* Work instruction: Transcribe all of the data verbatim, please, and leave out its pictures.

* Extracted data:
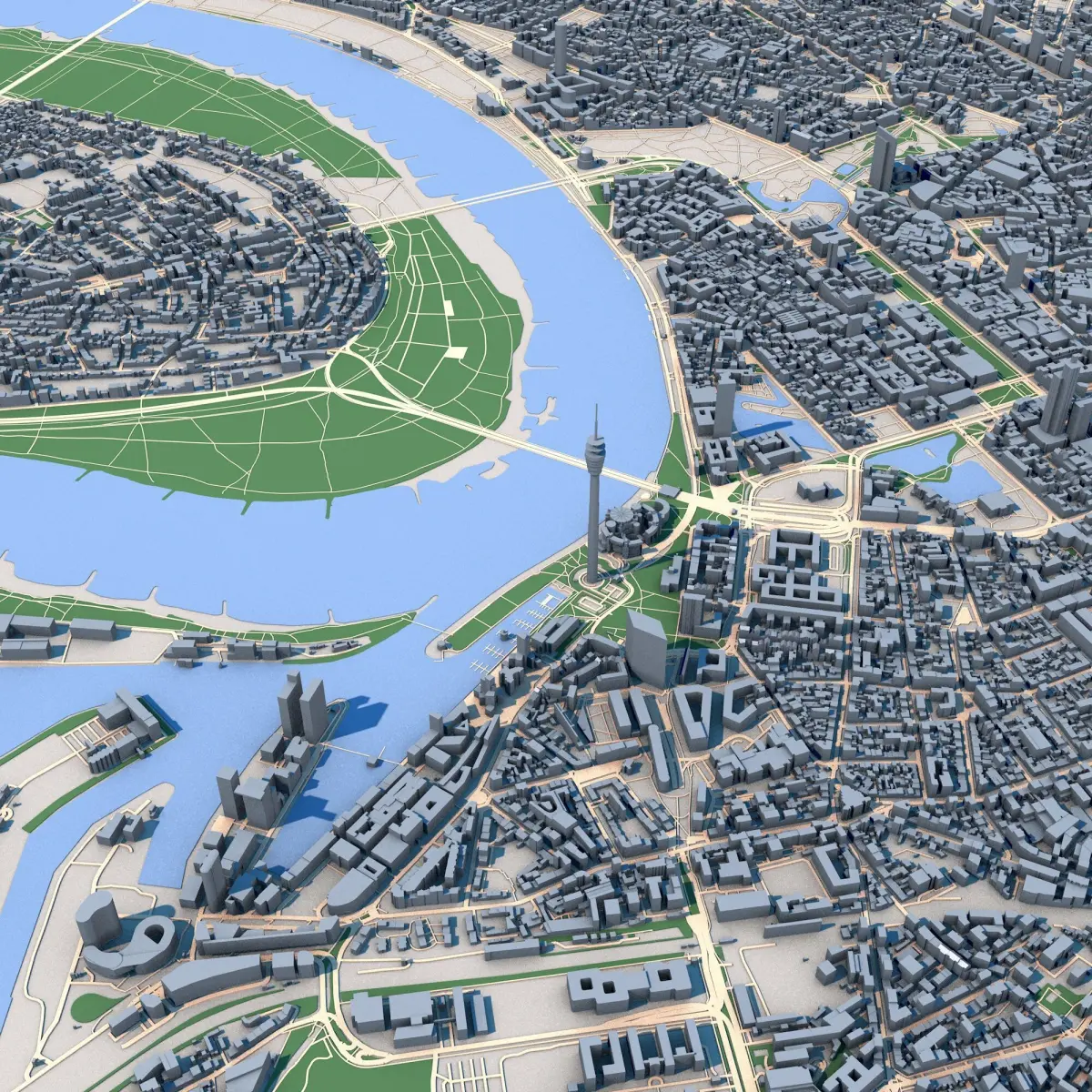 Düsseldorf City Germany Map 3D Model
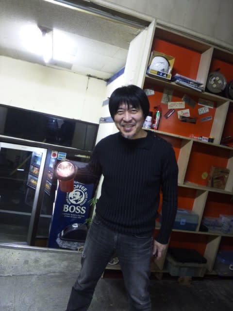 写真は、何故か懐中電灯を持って
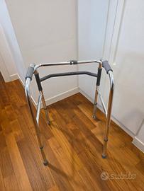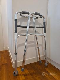 Solo su Roma. Vendo deambulatore pieghevole professionale della Intermed, modello AD-AR3. E' praticamente nuovo e in condizioni estetiche e funzionali perfette. Il modello AD-AR3 è estremamente versatile grazie alla sua struttura "ibrida": Massima Stabilità: Dispone di due gambe anteriori con ruote fisse da 3" (circa 7,6 cm) per facilitare il movimento e due gambe posteriori con puntali in gomma antiscivolo per garantire una frenata sicura. Regolabile in Altezza: Le gambe sono regolabili per adattarsi perfettamente alla statura dell'utilizzatore. Pieghevole e Salvaspazio: Si chiude facilmente con un pulsante, rendendolo ideale per essere trasportato in auto o riposto in casa senza ingombro. Leggero e Resistente: Realizzato in alluminio anodizzato di alta qualità, facile da manovrare ma molto robusto. Impugnature ergonomiche: Manopole in gomma morbida per una presa sicura e confortevole. Dettagli Tecnici: Marca: Intermed S.r.l. Certificazione: Dispositivo Medico (MD) Classe I con marchio CE. Stato: Come nuovo, usato pochissimo.
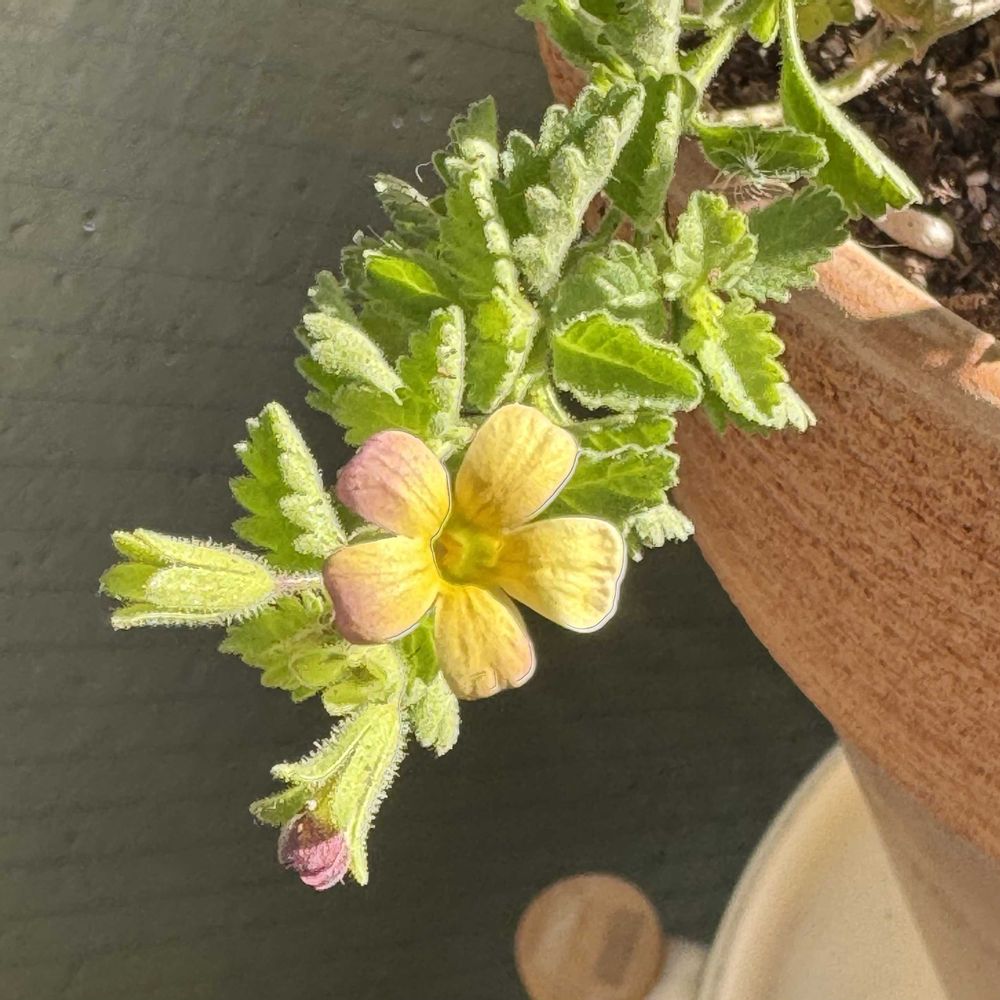 pic4 PWジャメスブリテニアサファリ「ピーチサンセット」。12月に寒さが厳しくなるまで淡々と花が咲き続けていたのにまず驚き。ただ株元に近い葉の枯れ込みが目立ってきたので短めに刈り込んだのですが残っていた花芽がここ数日で開花しました。情報の少ない植物ですが西向きの過酷な環境で新芽も着々と育っていてここ数年で買ったお花のなかで断トツに満足しています。
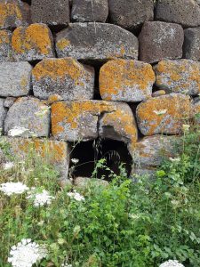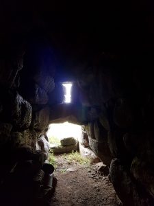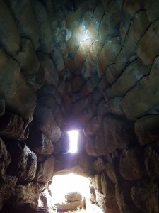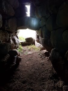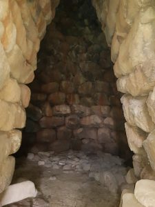 Il nuraghe, immerso nella macchia mediterranea, è un bell’edificio preistorico monotorre edificato con nere pietre basaltiche, di dimensioni abbastanza regolari. La cella interna, alla quale si accede tramite un corridoio ben conservato, è munita di due nicchie laterali e di un terrazzo, posto all’altezza di circa otto metri, accessibile grazie ad una rampa di scale.
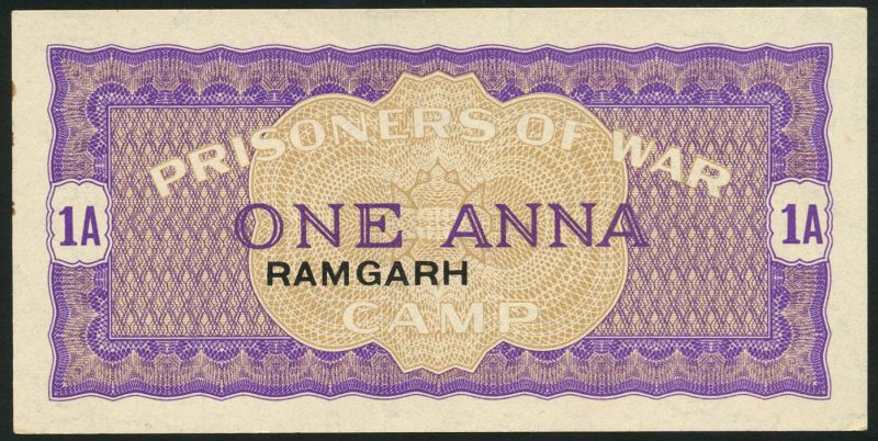 Prisoner of War Camp money, India, 1 anna, Ramgarh, ND (1939-1945), blue, RAMGARH in black at centre without bar at left, reverse purple handstamp P.O.W.CAMP XX
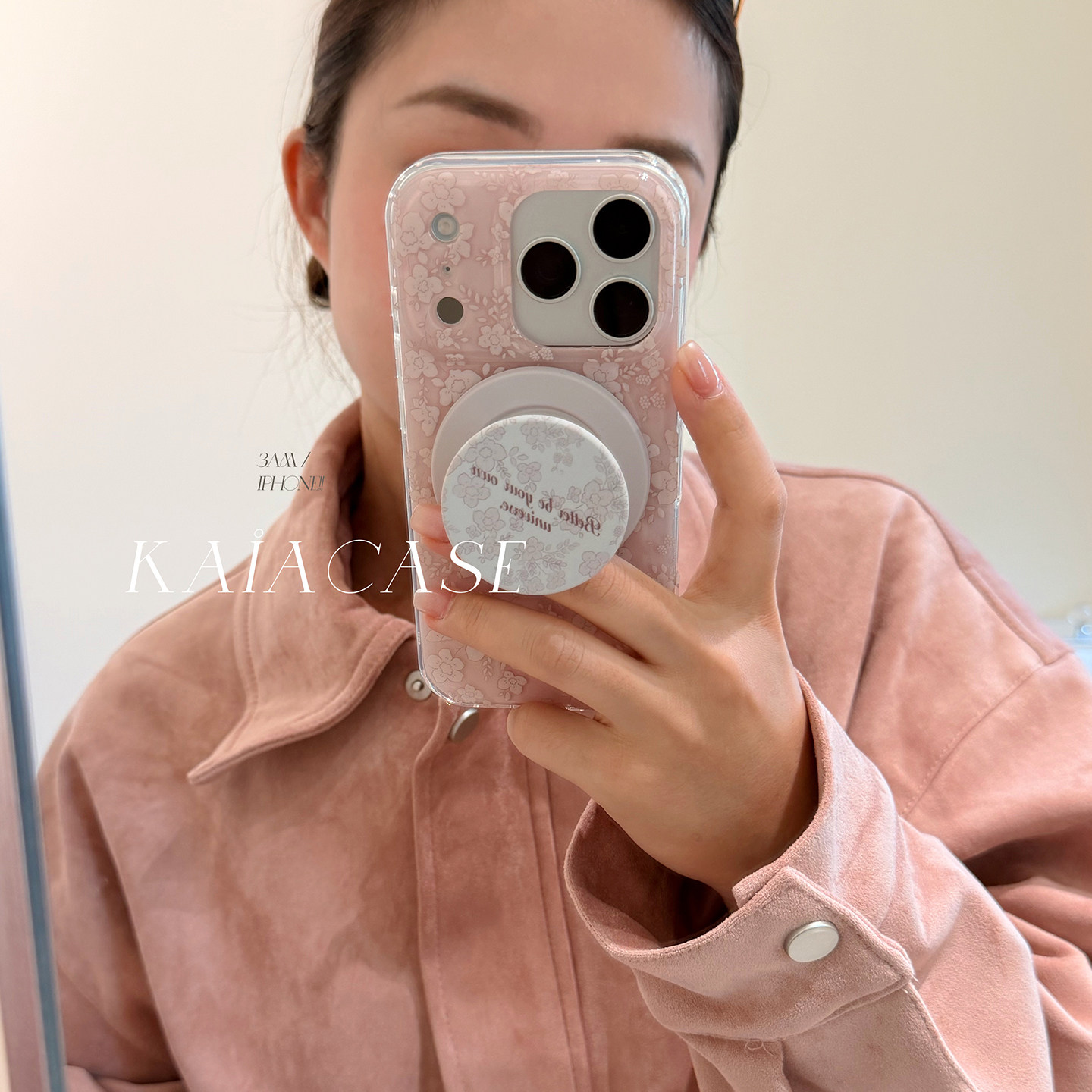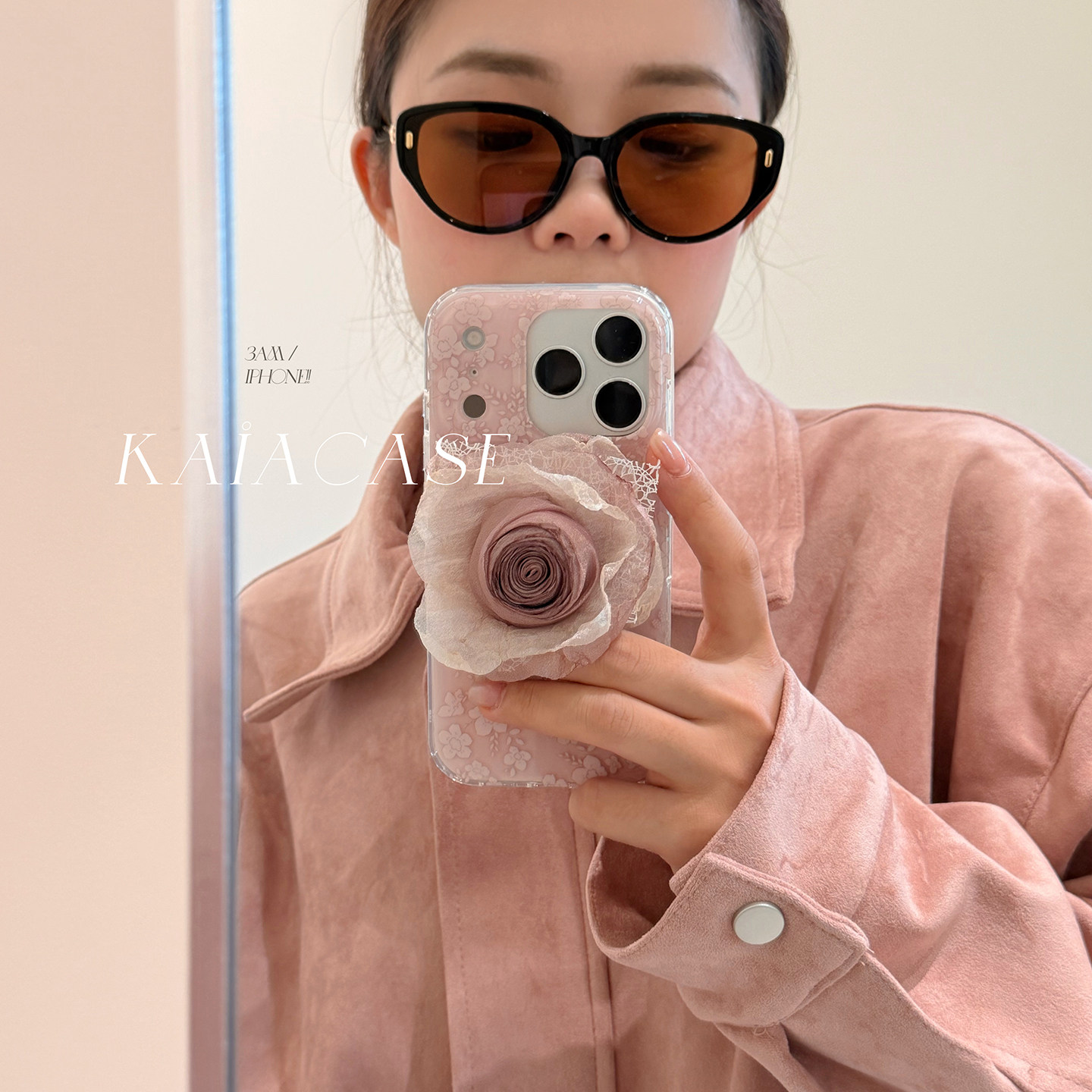 kaia 韩风文艺粉蕾丝玫瑰花朵适用苹果17promax手机壳iphone16pro新款15女14pro磁吸支架15pro全包防摔手机套
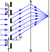 Қазiргi кезде қолданылатын дифракциялық торлардың бiр миллиметрiне 2000-ға дейiн саңлаулар салынады. Гюйгенс-Френель принципiне сәйкес мұндай әрбiр саңлау өз кезегiнде жаңа когеренттi толқын көздерi болып табылады да бұл көзден туындылаған толқындар бiр-бiрiмен интерференцияланады. Егер дифракциялық торға перпендикуляр бағытта параллель жарық сәулелерi түсетiн болса, онда линзаның фокальдық жазықтығында орналасқан экранда қандай да бiр φ бұрышымен дифракциялық максимумдар байқалады. 4. 8-суреттен көрiнiп тұрғанындай бұл максимумдар мынадай шарттарды қанағаттандырады
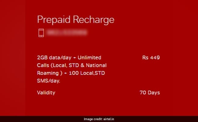 (Airtel's Rs 449 prepaid pack is valid for 70 days.)

* Written answer:
 Düsseldorf City Germany Map 3D Model
 写真は、何故か懐中電灯を持って
 Solo su Roma. Vendo deambulatore pieghevole professionale della Intermed, modello AD-AR3. E' praticamente nuovo e in condizioni estetiche e funzionali perfette. Il modello AD-AR3 è estremamente versatile grazie alla sua struttura "ibrida": Massima Stabilità: Dispone di due gambe anteriori con ruote fisse da 3" (circa 7,6 cm) per facilitare il movimento e due gambe posteriori con puntali in gomma antiscivolo per garantire una frenata sicura. Regolabile in Altezza: Le gambe sono regolabili per adattarsi perfettamente alla statura dell'utilizzatore. Pieghevole e Salvaspazio: Si chiude facilmente con un pulsante, rendendolo ideale per essere trasportato in auto o riposto in casa senza ingombro. Leggero e Resistente: Realizzato in alluminio anodizzato di alta qualità, facile da manovrare ma molto robusto. Impugnature ergonomiche: Manopole in gomma morbida per una presa sicura e confortevole. Dettagli Tecnici: Marca: Intermed S.r.l. Certificazione: Dispositivo Medico (MD) Classe I con marchio CE. Stato: Come nuovo, usato pochissimo.
 pic4 PWジャメスブリテニアサファリ「ピーチサンセット」。12月に寒さが厳しくなるまで淡々と花が咲き続けていたのにまず驚き。ただ株元に近い葉の枯れ込みが目立ってきたので短めに刈り込んだのですが残っていた花芽がここ数日で開花しました。情報の少ない植物ですが西向きの過酷な環境で新芽も着々と育っていてここ数年で買ったお花のなかで断トツに満足しています。
 Il nuraghe, immerso nella macchia mediterranea, è un bell’edificio preistorico monotorre edificato con nere pietre basaltiche, di dimensioni abbastanza regolari. La cella interna, alla quale si accede tramite un corridoio ben conservato, è munita di due nicchie laterali e di un terrazzo, posto all’altezza di circa otto metri, accessibile grazie ad una rampa di scale.
 Prisoner of War Camp money, India, 1 anna, Ramgarh, ND (1939-1945), blue, RAMGARH in black at centre without bar at left, reverse purple handstamp P.O.W.CAMP XX
 kaia 韩风文艺粉蕾丝玫瑰花朵适用苹果17promax手机壳iphone16pro新款15女14pro磁吸支架15pro全包防摔手机套
 Қазiргi кезде қолданылатын дифракциялық торлардың бiр миллиметрiне 2000-ға дейiн саңлаулар салынады. Гюйгенс-Френель принципiне сәйкес мұндай әрбiр саңлау өз кезегiнде жаңа когеренттi толқын көздерi болып табылады да бұл көзден туындылаған толқындар бiр-бiрiмен интерференцияланады. Егер дифракциялық торға перпендикуляр бағытта параллель жарық сәулелерi түсетiн болса, онда линзаның фокальдық жазықтығында орналасқан экранда қандай да бiр φ бұрышымен дифракциялық максимумдар байқалады. 4. 8-суреттен көрiнiп тұрғанындай бұл максимумдар мынадай шарттарды қанағаттандырады
 (Airtel's Rs 449 prepaid pack is valid for 70 days.)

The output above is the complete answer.